The late 19th and early 20th centuries brought significant economic change to the town of Cohasset as fishing and other maritime industries died out in the 1880s. The community retained a diverse economy of agriculture, summer tourism, various trades, and some manufacturing. The period between 1850 and 1915 also saw a major influx of Azorean Portuguese, Irish, and Italian immigrants into the town. The remains of forty-five Irish immigrants killed in the wreck of the brig St. John are buried in Cohasset Central Cemetery in a common grave below the top of the north hill. The brig, which was carrying famine refugees from the Irish counties of Galway and Clare, was bound for Boston in October of 1849 when a storm blew the vessel off course as it approached Massachusetts Bay. The ship anchored near Minot’s Lighthouse outside Cohasset Harbor to ride out the storm, but the anchors failed to hold. The ship ran aground on submerged ledge and broke into two pieces. Out of 120 passengers and crew, only 21 survived the wreck. Writer Henry David Thoreau visited Cohasset after reading of the wreck in the Boston newspaper. Thoreau later recounted the story of the St. John in the first chapter of his book, Cape Cod. The Rev. Joseph Osgood of the Cohasset Unitarian Church initially performed services, but this was not acceptable to the Catholic Church, which dispatched Father John Roddan of St. Mary’s Parish in West Quincy to perform another service. This burial represented the first Catholic presence in the Town of Cohasset. Though buried and memorialized in 1849, it was not until 1914 that the gravesite was officially commemorated with a marker. That year, the Ancient Order of Hibernians erected an 18-foot Celtic cross to commemorate the death of all 99 Irish citizens aboard the St. John. The Celtic Cross bears the seals of the Ancient Order of Hibernians and its Ladies Auxiliary. It reads:

This Cross was erected and dedicated May 30, 1914 by the A.O.H. and L.A.A.O.H. of Massachusetts to mark the final resting place of about forty five Irish emigrants from a total company of ninety nine who lost their lives on Grampus Ledge, off Cohasset, October 7, 1849 in the wreck of the brig St. John from Galway, Ireland. R.I.P.

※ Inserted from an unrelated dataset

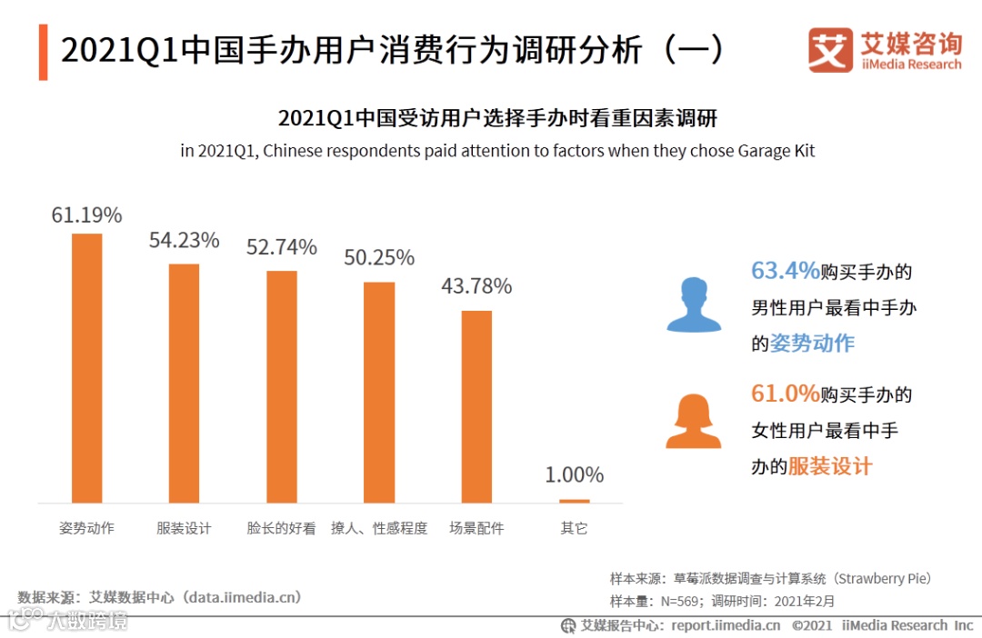 手办方面,艾媒咨询数据显示,2020年中国手办市场规模达28.1亿元,预计到2023年将突破50亿元。在颜值经济推动下,手办颜值成为用户选购的基础。超过6成的受访用户选择合“眼缘”的手办时最看重姿势动作,超过5成的受访用户看重服装设计。此外,脸好看、动作撩人等也是部分受访用户关注手办的重点。
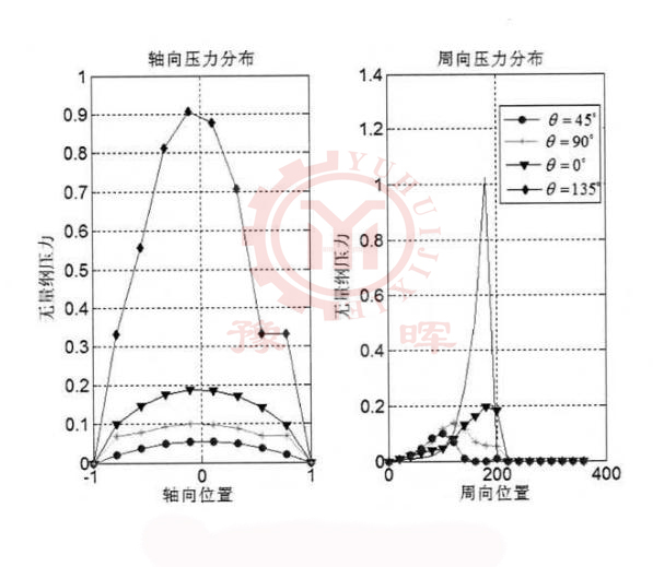 由不同旋轉(zhuǎn)角度下的球磨機(jī)橢圓軸處的油膜厚度分布情況我們可以知道,隨著橢圓的長軸圍繞主軸軸心做逆時針運(yùn)轉(zhuǎn),此時的動靜壓軸處油膜厚度也會發(fā)生一定的變化,而較小油膜的厚度則是先增加后減小然后在增大的變化。同時我們還可以了解到球磨機(jī)油膜厚度會有兩個較低谷出現(xiàn),這些低谷則意味著動壓油楔的產(chǎn)生,同時此區(qū)域也是我們所稱的動壓力區(qū)。

As the 20th century progressed, many World War I and World War II veterans were also buried in Cohasset Central Cemetery. Their graves are marked by flag stands given by the American Legion Post and Veterans of Foreign Wars Cohasset chapters. More recently, prizewinning sculptor and farmer Richardson White was buried here upon his death in 1993. The White Family has resided in Cohasset on their Jerusalem Road farm, called Holly Hill, since the 1840s. Mr. White’s artistic subject matter focused primarily on horses. His work “Great Horse” is part of the collection of the Museum of Fine Arts, Boston, and his “Rearing Thoroughbred” is installed outside the Massachusetts Society for the Prevention of Cruelty to Animals in Jamaica Plain, Massachusetts.

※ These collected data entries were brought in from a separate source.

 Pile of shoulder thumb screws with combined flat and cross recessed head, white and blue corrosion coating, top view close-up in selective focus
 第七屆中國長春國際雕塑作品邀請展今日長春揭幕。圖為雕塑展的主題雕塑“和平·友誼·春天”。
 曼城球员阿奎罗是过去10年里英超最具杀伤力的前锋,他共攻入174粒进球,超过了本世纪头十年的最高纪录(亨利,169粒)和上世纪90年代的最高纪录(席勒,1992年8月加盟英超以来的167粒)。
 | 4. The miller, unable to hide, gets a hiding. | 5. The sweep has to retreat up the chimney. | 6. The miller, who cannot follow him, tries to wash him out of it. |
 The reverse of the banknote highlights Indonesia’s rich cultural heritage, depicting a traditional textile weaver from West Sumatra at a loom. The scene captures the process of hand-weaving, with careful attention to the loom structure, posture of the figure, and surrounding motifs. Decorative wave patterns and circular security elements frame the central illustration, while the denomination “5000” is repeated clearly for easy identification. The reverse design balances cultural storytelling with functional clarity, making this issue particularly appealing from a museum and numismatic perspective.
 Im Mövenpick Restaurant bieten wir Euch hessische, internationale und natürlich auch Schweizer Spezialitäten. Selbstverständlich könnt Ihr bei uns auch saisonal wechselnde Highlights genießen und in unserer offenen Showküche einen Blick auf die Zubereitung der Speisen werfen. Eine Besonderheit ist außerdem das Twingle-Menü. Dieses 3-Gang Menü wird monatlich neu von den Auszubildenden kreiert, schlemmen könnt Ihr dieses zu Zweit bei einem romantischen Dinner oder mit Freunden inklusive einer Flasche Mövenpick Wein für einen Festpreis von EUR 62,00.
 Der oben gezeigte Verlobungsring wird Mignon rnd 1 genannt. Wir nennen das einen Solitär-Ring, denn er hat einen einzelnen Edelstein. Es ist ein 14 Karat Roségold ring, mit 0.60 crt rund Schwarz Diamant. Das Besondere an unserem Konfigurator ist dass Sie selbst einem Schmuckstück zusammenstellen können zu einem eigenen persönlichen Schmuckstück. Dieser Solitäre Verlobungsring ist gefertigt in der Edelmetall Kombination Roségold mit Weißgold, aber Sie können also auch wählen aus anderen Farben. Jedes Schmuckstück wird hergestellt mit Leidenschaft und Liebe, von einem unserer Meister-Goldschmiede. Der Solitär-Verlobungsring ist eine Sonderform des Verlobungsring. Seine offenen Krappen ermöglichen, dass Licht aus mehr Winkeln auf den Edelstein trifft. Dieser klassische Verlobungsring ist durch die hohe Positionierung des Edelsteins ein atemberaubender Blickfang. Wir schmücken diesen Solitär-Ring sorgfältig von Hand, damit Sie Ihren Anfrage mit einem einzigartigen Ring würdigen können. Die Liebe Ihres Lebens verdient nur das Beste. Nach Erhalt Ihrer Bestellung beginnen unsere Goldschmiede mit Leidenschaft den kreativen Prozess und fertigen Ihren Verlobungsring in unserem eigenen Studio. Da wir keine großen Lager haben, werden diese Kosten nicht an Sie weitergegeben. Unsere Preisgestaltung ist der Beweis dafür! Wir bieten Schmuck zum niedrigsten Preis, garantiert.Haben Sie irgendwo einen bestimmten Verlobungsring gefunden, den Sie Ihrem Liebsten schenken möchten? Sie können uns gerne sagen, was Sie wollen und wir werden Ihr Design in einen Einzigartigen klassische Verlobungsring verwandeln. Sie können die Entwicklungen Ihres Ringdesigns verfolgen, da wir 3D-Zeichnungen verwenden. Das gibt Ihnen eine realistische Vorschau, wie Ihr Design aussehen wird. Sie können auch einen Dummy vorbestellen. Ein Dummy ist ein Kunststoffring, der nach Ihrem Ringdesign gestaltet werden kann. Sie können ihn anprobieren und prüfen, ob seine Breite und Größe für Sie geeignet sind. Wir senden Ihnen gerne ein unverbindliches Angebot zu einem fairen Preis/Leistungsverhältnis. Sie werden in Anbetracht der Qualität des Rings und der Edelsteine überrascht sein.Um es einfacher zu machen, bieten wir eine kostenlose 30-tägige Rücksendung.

The board of the Cohasset Central Cemetery continues to manage and maintain the cemetery. Alongside the “Old Slates” and the marble or granite stones of earlier times are two 20th century columbaria. One of the first on the South Shore, the Cumner Columbarium was constructed in 1982. Named after a former president of the cemetery association, it stands along Joy Place. A larger facility, the Tower Columbarium was added in 1988. it is named for a former treasurer of the Cemetery and direct descendant of the first person to be buried in Cohasset Central Cemetery. This additional space has provided for the future of this Colonial Burying Ground whose roots go back beyond the town itself but whose eyes are still upon the future.